Prove: $\sqrt[3]{\frac{a^{2}+bc}{b^2+c^2}}+\sqrt[3]{\frac{b^{2}+ac}{a^2+c^2}}+\sqrt[3]{\frac{c^{2}+ab}{a^2+b^2}}\geq 9\frac{\sqrt[3]{abc}}{a+b+c}$ Let $a,b,c\in \mathbb{R^+}$.

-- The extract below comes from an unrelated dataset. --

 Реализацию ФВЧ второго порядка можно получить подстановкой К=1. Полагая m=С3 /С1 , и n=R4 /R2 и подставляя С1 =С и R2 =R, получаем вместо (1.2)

Prove: $\sqrt[3]{\frac{a^{2}+bc}{b^2+c^2}}+\sqrt[3]{\frac{b^{2}+ac}{a^2+c^2}}+\sqrt[3]{\frac{c^{2}+ab}{a^2+b^2}}\geq 9\frac{\sqrt[3]{abc}}{a+b+c}$

PS: I don't have ay ideas about this problem :(
Thanks
 A: By Holder $\left(\sum\limits_{cyc}\sqrt[3]{\frac{a^2+bc}{b^2+c^2}}\right)^3\sum\limits_{cyc}(b^2+c^2)(a^2+bc)^3\geq\left(\sum\limits_{cyc}(a^2+ab)\right)^4$.
Thus, it remains to prove that $\left(\sum\limits_{cyc}(a^2+ab)\right)^4(a+b+c)^3\geq729abc\sum\limits_{cyc}(b^2+c^2)(a^2+bc)^3$, which is obvious.

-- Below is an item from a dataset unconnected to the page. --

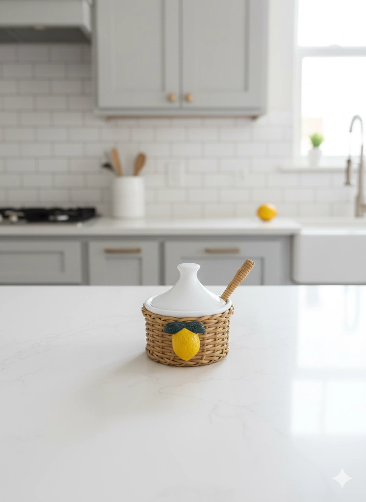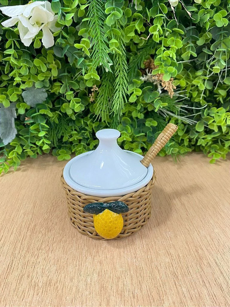 O Açucareiro Citrus Limon é a união perfeita entre funcionalidade e beleza natural. Feito em cerâmica com acabamento em vime trançado e decorado com adorável limão siciliano, ele traz um toque de frescor mediterrâneo à sua mesa. Acompanha uma charmosa colher, ideal para servir açúcar, mel ou geleias com praticidade e elegância. Um item que transforma o simples momento de adoçar em uma experiência cheia de estilo e calor acolhedor.

A: $\sqrt[3]{\dfrac{a^{2}+bc}{b^2+c^2}}+\sqrt[3]{\dfrac{b^{2}+ac}{a^2+c^2}}+\sqrt[3]{\dfrac{c^{2}+ab}{a^2+b^2}}\ge 3 \sqrt[3]{\sqrt[3]{\dfrac{a^{2}+bc}{b^2+c^2}}\sqrt[3]{\dfrac{b^{2}+ac}{a^2+c^2}}\sqrt[3]{\dfrac{c^{2}+ab}{a^2+b^2}}}  \\ \iff \sqrt[3]{\sqrt[3]{\dfrac{a^{2}+bc}{b^2+c^2}}\sqrt[3]{\dfrac{b^{2}+ac}{a^2+c^2}}\sqrt[3]{\dfrac{c^{2}+ab}{a^2+b^2}}} \ge 3\dfrac{\sqrt[3]{abc}}{a+b+c} $
now we prove a stronger one :
$\sqrt[3]{\dfrac{a^{2}+bc}{b^2+c^2}}\sqrt[3]{\dfrac{b^{2}+ac}{a^2+c^2}}\sqrt[3]{\dfrac{c^{2}+ab}{a^2+b^2}}\ge \dfrac{3\sqrt[3]{abc}}{a+b+c} \iff \dfrac{(a^{2}+bc)(b^{2}+ac)(c^{2}+ab)}{(b^2+c^2)(a^2+c^2)(a^2+b^2)} \ge \dfrac{3^3abc}{(a+b+c)^3} \iff \dfrac{(a+b+c)^3}{3^3abc} \ge  \dfrac{(b^2+c^2)(a^2+c^2)(a^2+b^2)}{(a^{2}+bc)(b^{2}+ac)(c^{2}+ab)}$
there is a lemma:
$\dfrac{(a+b)(b+c)(c+a)}{8abc} \ge  \dfrac{(b^2+c^2)(a^2+c^2)(a^2+b^2)}{(a^{2}+bc)(b^{2}+ac)(c^{2}+ab)}$
Michael Rozenberg give this lemma a nice proof:
$(c^{2}+ab)(a+b)=a(b^2+c^2)+b(a^2+c^2) \ge 2 \sqrt{ab(b^2+c^2)(a^2+c^2)}$
with AM-GM, it is easy to prove:
$\dfrac{(a+b+c)^3}{3^3abc} \ge \dfrac{(a+b)(b+c)(c+a)}{8abc}$
A: This is just a hunch. First, the terms are all homogenous of the same degree. That's a good start. Put $a=b=c=1$. This gives exact equality. That's probably useful for something. Chances are, that's the maximum or the minimum of the difference between left and right hand side. Now vary $a$ by reducing it. Take the derivative. You can assume initially that $b=c=1$. Reduce $a$ from 1 to 0. Then the inequality gets stronger by the time you get to $a=0$. My hunch is that it's probably monotonic all the way from $a=1$ down to $a=0$. You can do the same sort of thing with the pair $(b,c)$, showing convexity or concavity. Then the result should magically appear! That's just a hunch.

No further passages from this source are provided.